Dataset section -
##########
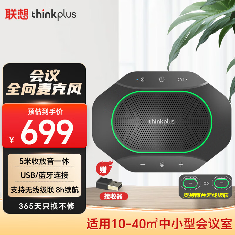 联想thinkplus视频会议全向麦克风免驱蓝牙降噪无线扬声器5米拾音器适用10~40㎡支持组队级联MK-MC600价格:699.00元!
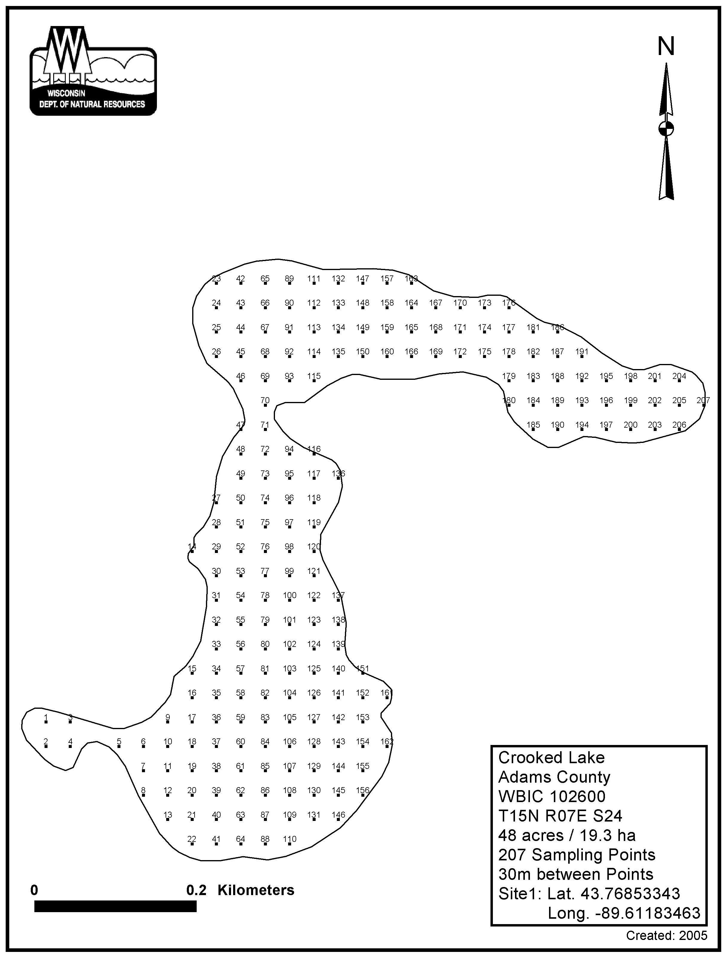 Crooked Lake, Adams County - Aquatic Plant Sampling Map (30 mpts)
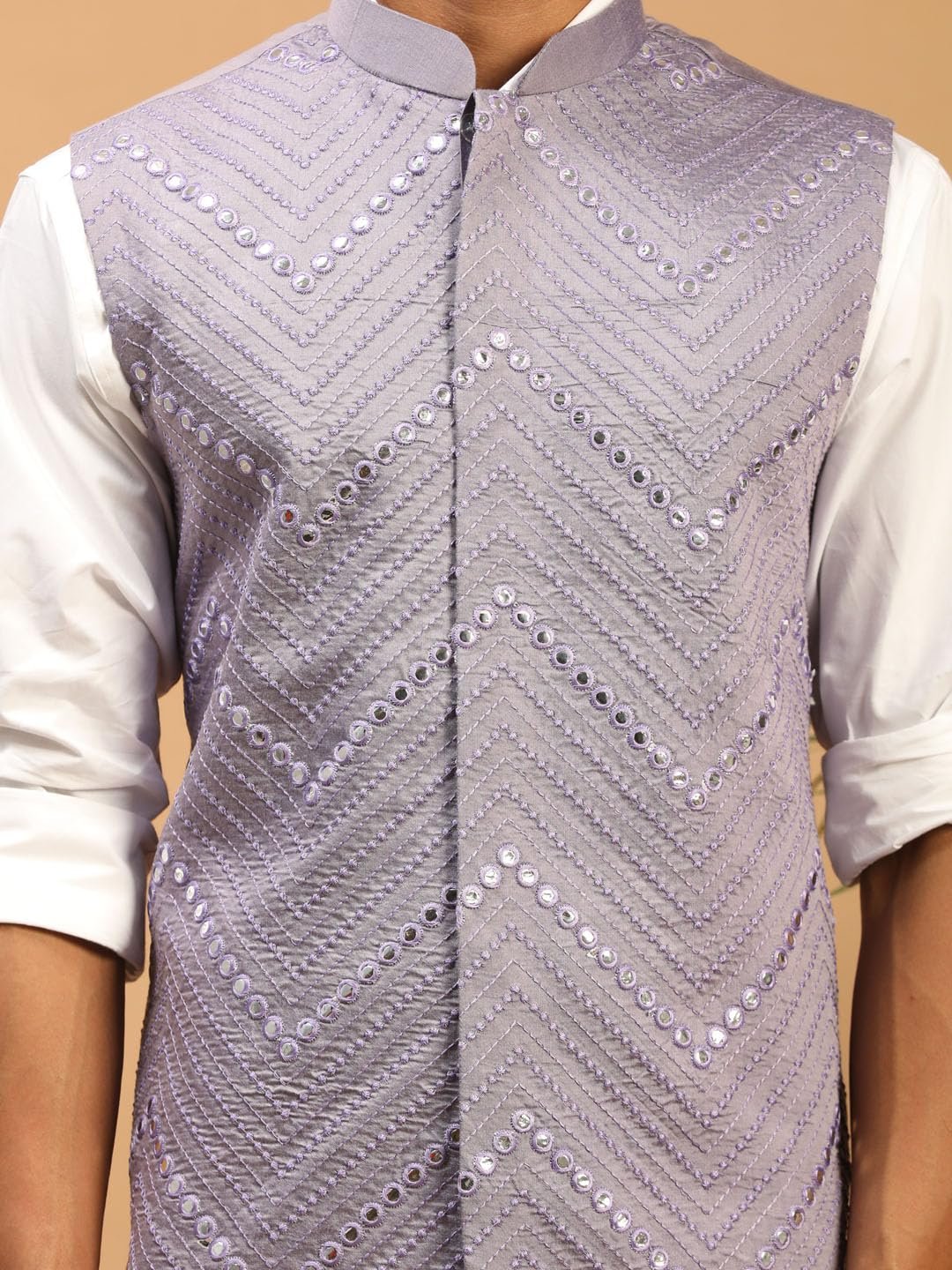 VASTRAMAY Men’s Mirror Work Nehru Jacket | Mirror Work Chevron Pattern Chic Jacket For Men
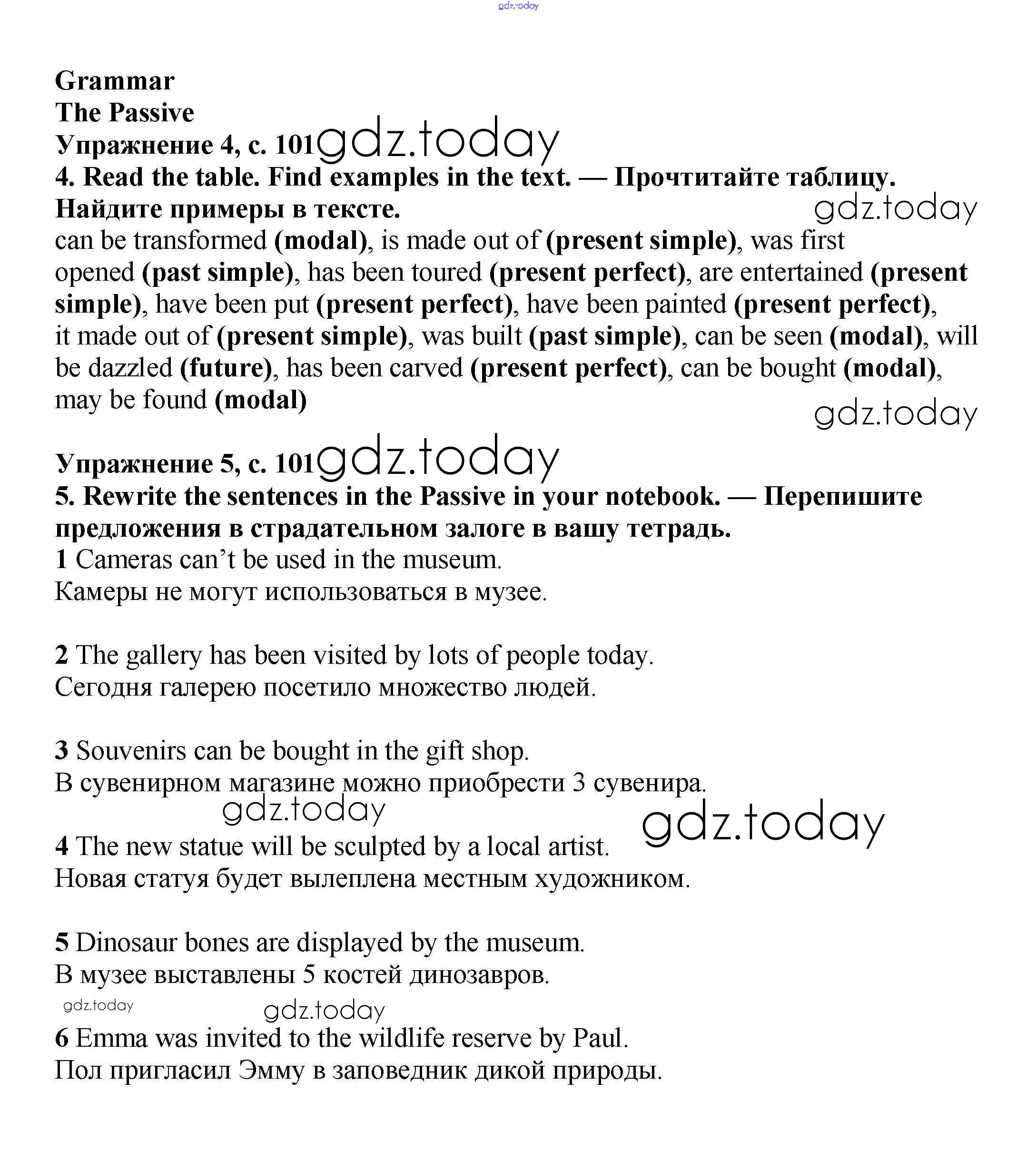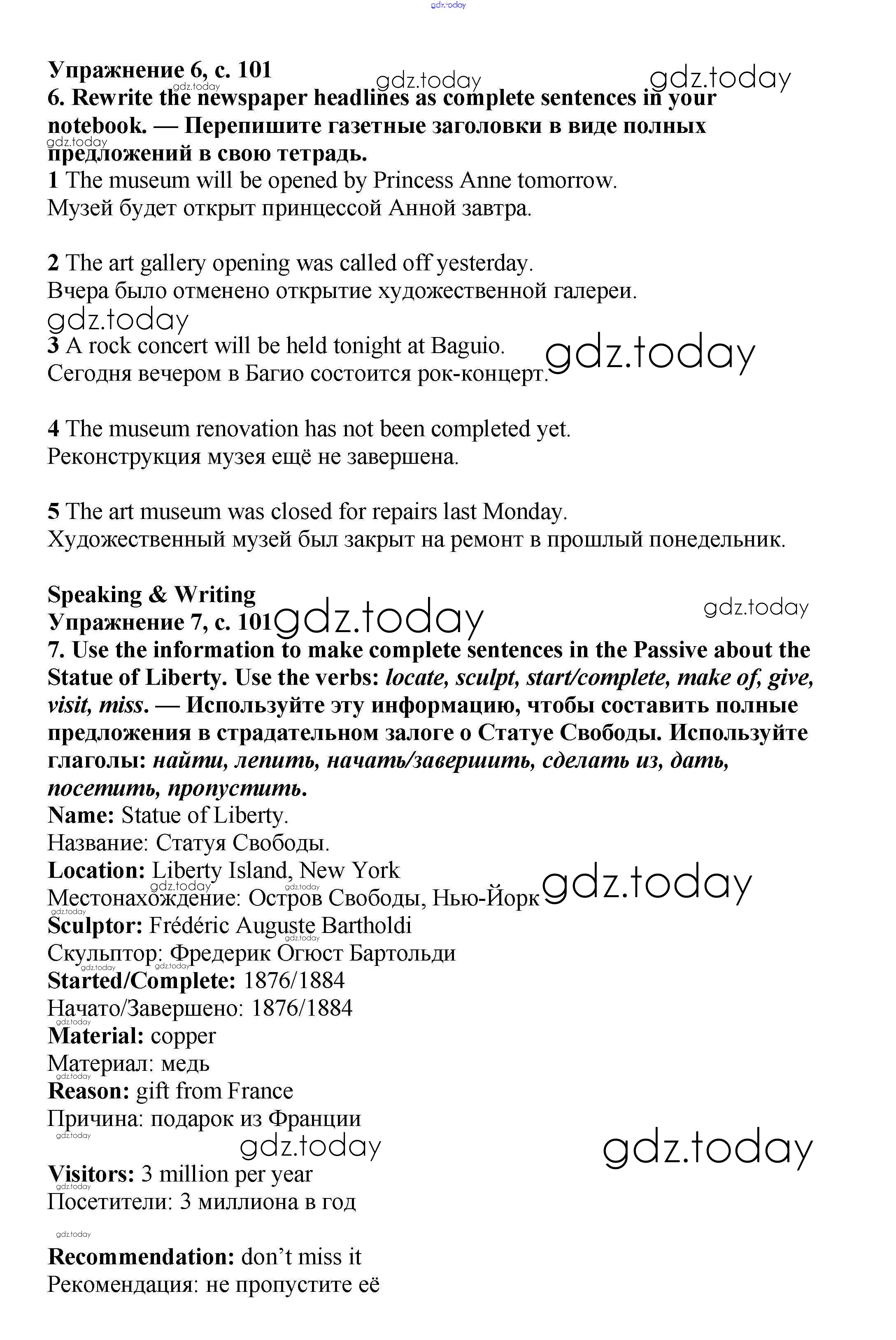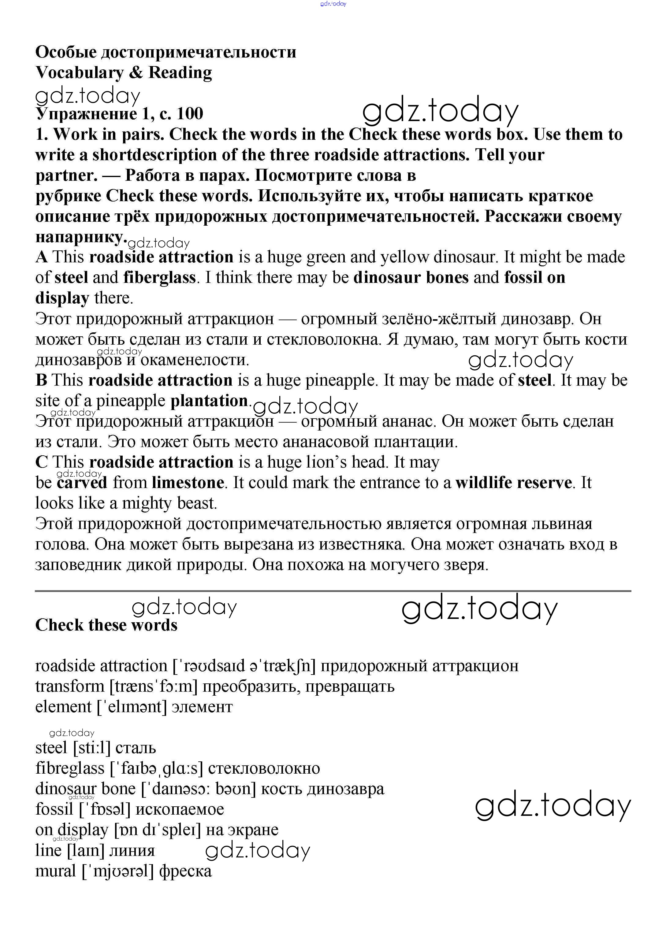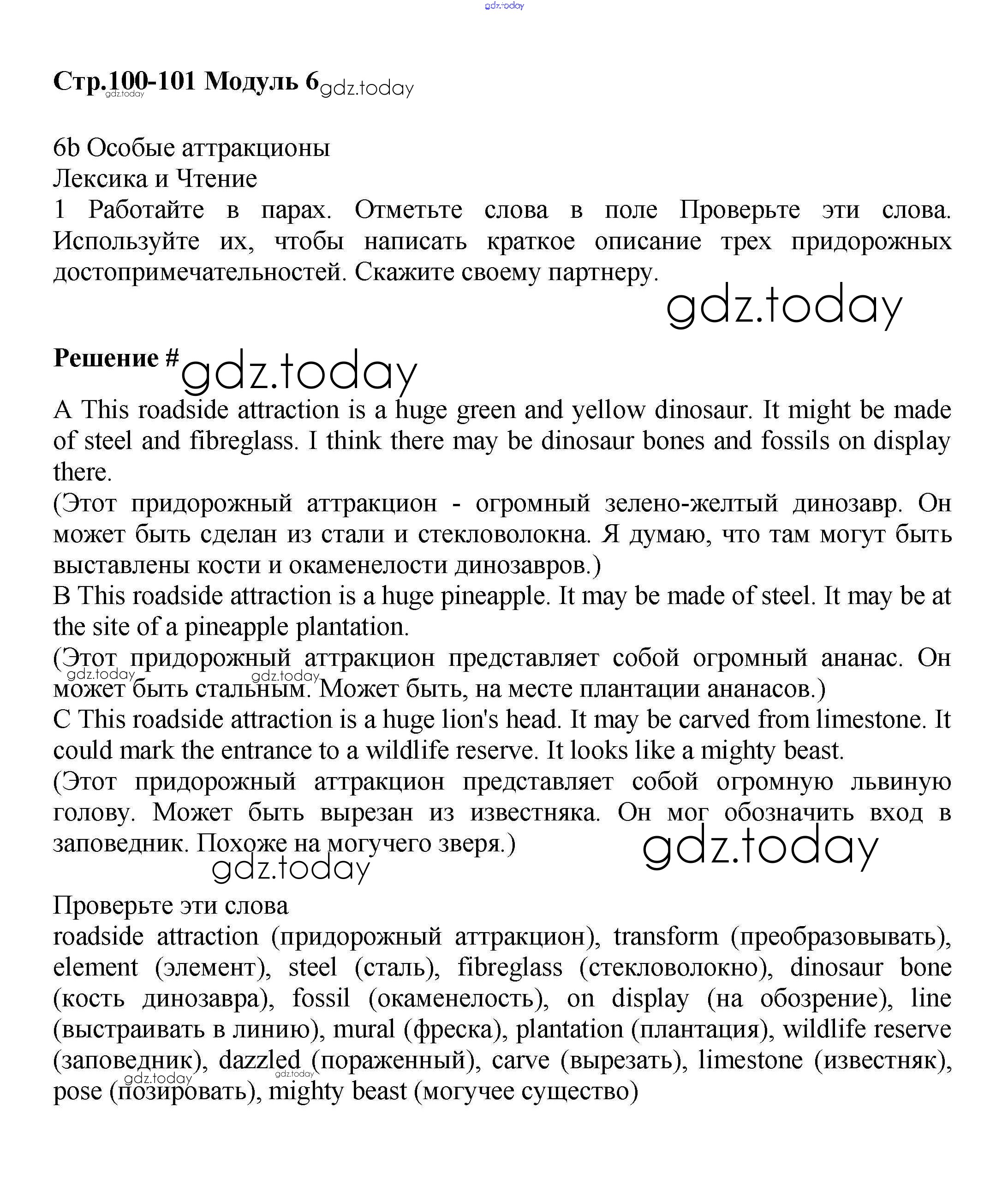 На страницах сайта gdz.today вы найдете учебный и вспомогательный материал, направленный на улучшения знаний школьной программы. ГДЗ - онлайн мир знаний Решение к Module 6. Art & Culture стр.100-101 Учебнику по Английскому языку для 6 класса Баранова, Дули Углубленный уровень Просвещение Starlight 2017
##########
What you should do - Every line of the material should be repeated precisely; pictures are to be excluded.

Output below -
 联想thinkplus视频会议全向麦克风免驱蓝牙降噪无线扬声器5米拾音器适用10~40㎡支持组队级联MK-MC600价格:699.00元!
 Crooked Lake, Adams County - Aquatic Plant Sampling Map (30 mpts)
 VASTRAMAY Men’s Mirror Work Nehru Jacket | Mirror Work Chevron Pattern Chic Jacket For Men
 На страницах сайта gdz.today вы найдете учебный и вспомогательный материал, направленный на улучшения знаний школьной программы. ГДЗ - онлайн мир знаний Решение к Module 6. Art & Culture стр.100-101 Учебнику по Английскому языку для 6 класса Баранова, Дули Углубленный уровень Просвещение Starlight 2017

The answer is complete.